Shroff RC, Shah V, Hiorns MP, et al. The circulating calcification inhibitors, fetuin-A and osteoprotegerin, but not matrix Gla protein, are associated with vascular stiffness and calcification in children on dialysis

Nephrourology Unit, Great Ormond Street Hospital & UCL Institute of Child Health, London WC1N 1EH, UK.
Nephrology Dialysis Transplantation (Impact Factor: 3.58). 06/2008; 23(10):3263-71. DOI: 10.1093/ndt/gfn226
Source: PubMed


Vascular calcification occurs in the majority of patients with chronic kidney disease, but a subset of patients does not develop calcification despite exposure to a similar uraemic environment. Physiological inhibitors of calcification, fetuin-A, osteoprotegerin (OPG) and undercarboxylated-matrix Gla protein (uc-MGP) may play a role in preventing the development and progression of ectopic calcification, but there are scarce and conflicting data from clinical studies.

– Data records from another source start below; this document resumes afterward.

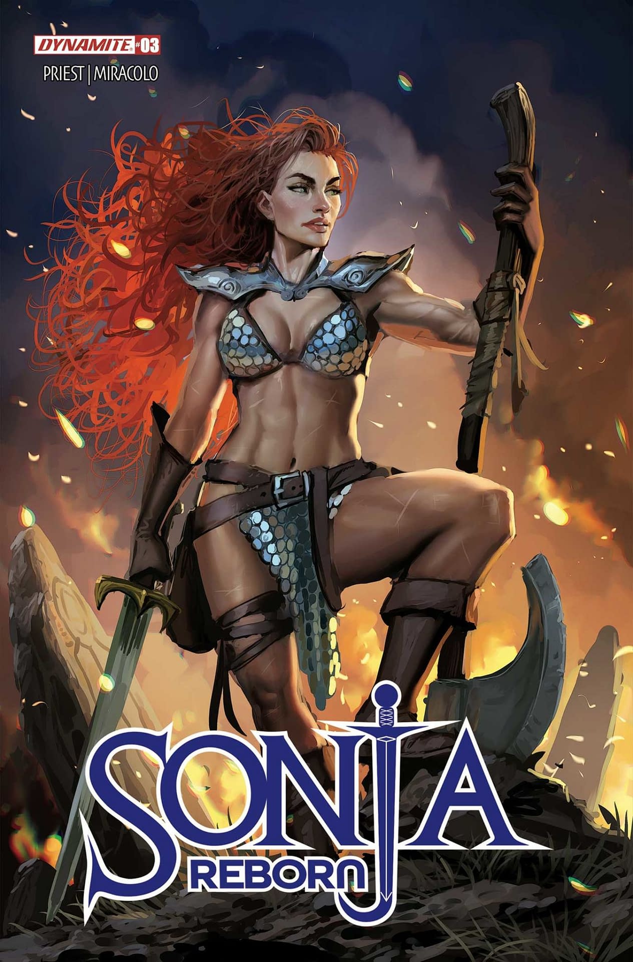 - Cover image for 0825DE0679 Sonja Reborn #3 Stuart Sayger Cover, by (W) Christopher Priest (A) Alessandro Miracolo (CA) Stuart Sayger, in stores Wednesday, October 29, 2025 from Dynamite Entertainment
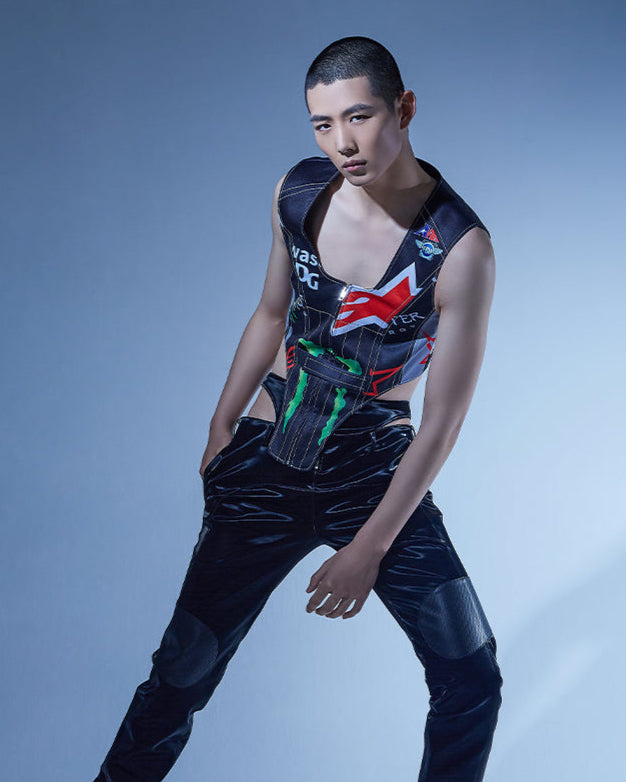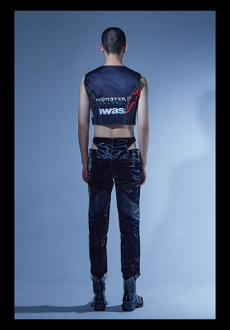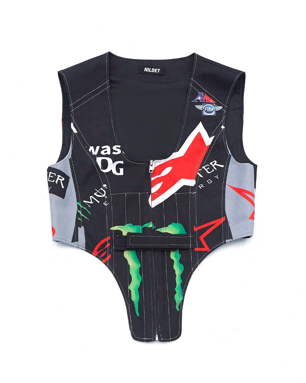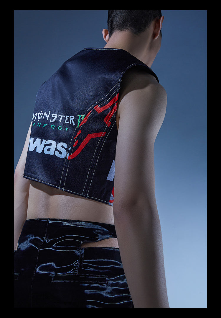Upcycled Monster racing merch vest, unisex, YKK zip closure, full lining.
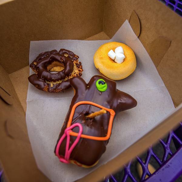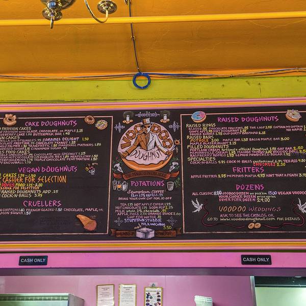 这家人气百分百的Voodoo Doughnuts 几乎是每个去波特兰的人必吃的东西,就像去北京要看故宫,来波特兰就必吃Voodoo Doughnuts。Voodoo Doughnut 之所以这么受吹捧,是因为他们家卖的的甜甜圈好有造型的,风格奇特。其中最著名的造型就是巫毒娃娃小人形造型的甜甜圈。被涂上厚厚的巧克力糖衣,心脏上面还插的一根脆饼干,模仿被虐待诅咒的巫毒娃娃。咬下去之后还会爆浆,亮点是里面的填的是红果酱,看起来就像喷血一样,很血腥,但是,要吃到夯翻天的巫毒娃娃排队1~2 小时是非常正常的事情。
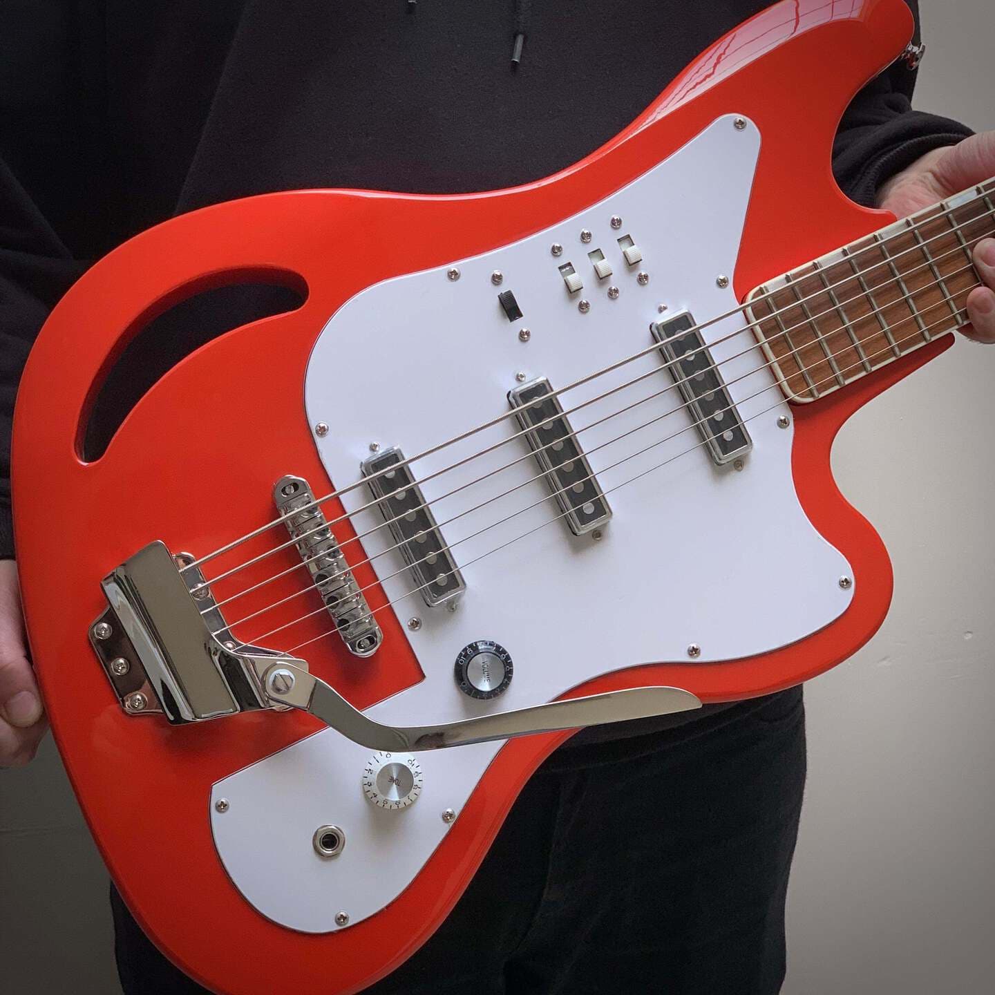 Bass VIシリーズの第一弾は、 Sidejack Bass VIです。大人気のSidejackシリーズの他の楽器と同様に、このモデルも60年代のビンテージMosriteギターをベースにしており、「リバースストラト」ボディシェイプとP90ピックアップを搭載しています。この洗練されたBass VIは、Tune-O-Maticブリッジと優れたフィーリングのビブラートを備えており、クラシックな「ティックタック」ベースから壮大なアンビエントサウンドスケープまで、あらゆるジャンルに対応します。左利き用もご用意しています!
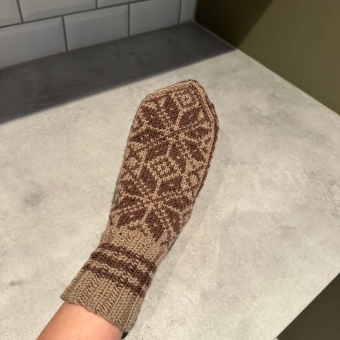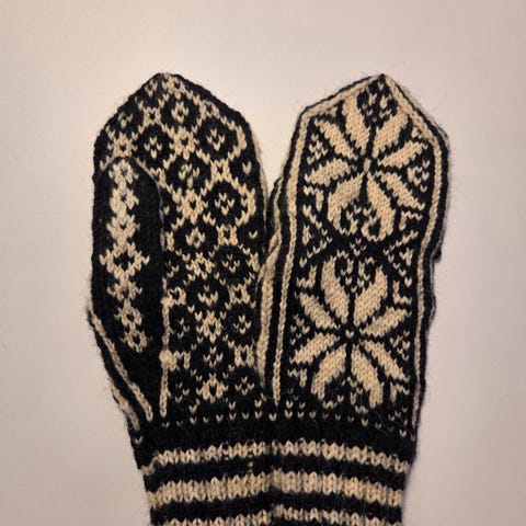 Nye, hjemmestrikkete votter i størrelse medium til small. Farge sort og hvit.
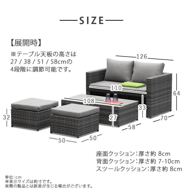本体:人工ラタン(PE籐/ポリプロピレン)・アルミ
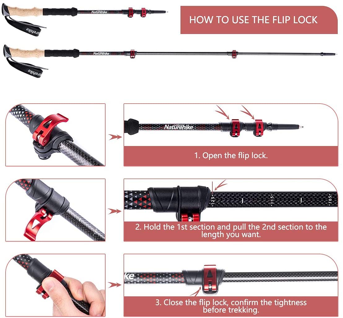 - Original Trekking Poles – Ultralight Trekking Poles, 100% 3K Carbon Fiber, Collapsible Hiking Poles, Telescopic Adjustable Walking Sticks for Backpacking Camping, Quick Locking, Carry Bag and Accessories Included by Naturehike
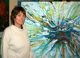 ” Jeg arbejder intuitivt og fylder mine billeder med energi, ro og fordybelse. Energien i mine billeder giver jeg gerne videre til de mennesker, der kan have glæde af den”, fortæller Nina Vilain.
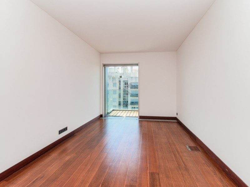 Flooring Flooring in solid Ipê wood. . Skirting board: embedded in the wall in solid Ipê wood. Walls Ladriplast masonry covered with solid Ipê wood with acoustic and thermal insulation and plastered and painted. Light wall aluminum structure with frosted glass on both sides with interior lighting (only in plumb B). Plastered and painted ceiling. Sun protection motorized interior screens. Lighting Light points on the walls and floor. Balcony doors Vitrocsa embedded aluminum frames with double thermal glass (thermo-hardened exterior and laminated interior). Multimedia Telephone points, data network (internet), cable, radio and wireless.
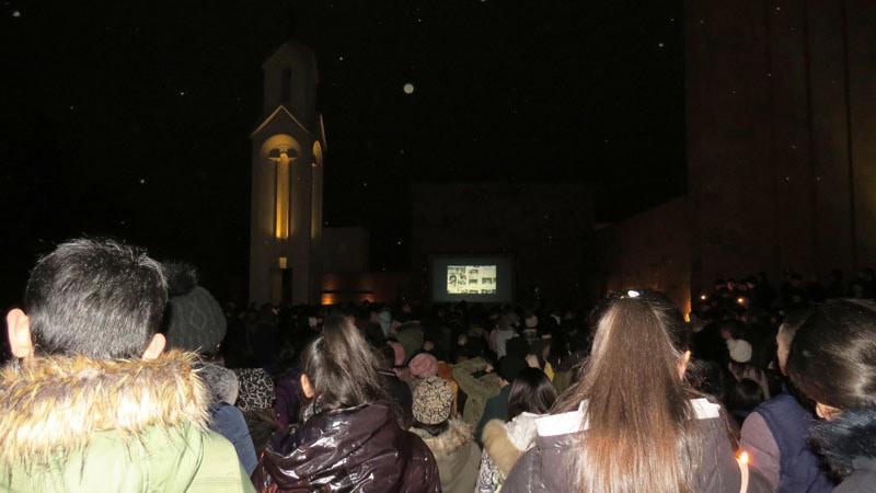 После окончания фильма, настоятель Степанакертской церкви Св.Акопа Тер-Минас провёл заупокойную службу. Люди молились, крестились...

We measured fetuin-A, OPG and uc-MGP in 61 children on dialysis and studied their associations with clinical, biochemical and vascular measures.
Fetuin-A and OPG were higher and uc-MGP lower in dialysis patients than controls. In controls, fetuin-A and OPG increased with age. Fetuin-A showed an inverse correlation with dialysis vintage (P = 0.0013), time-averaged serum phosphate (P = 0.03) and hs-CRP (P = 0.001). Aortic pulse wave velocity (PWV) and augmentation index showed a negative correlation with fetuin-A while a positive correlation was seen with PWV and OPG. Patients with calcification had lower fetuin-A and higher OPG than those without calcification. On multiple linear regression analysis Fetuin-A independently predicted aortic PWV (P = 0.004, beta = -0.45, model R(2) = 48%) and fetuin-A and OPG predicted cardiac calcification (P = 0.02, beta = -0.29 and P = 0.014, ss = 0.33, respectively, model R(2) = 32%).
This is the first study to define normal levels of the calcification inhibitors in children and show that fetuin-A and OPG are associated with increased vascular stiffness and calcification in children on dialysis. Higher levels of fetuin-A in children suggest a possible protective upregulation of fetuin-A in the early stages of exposure to the pro-calcific and pro-inflammatory uraemic environment.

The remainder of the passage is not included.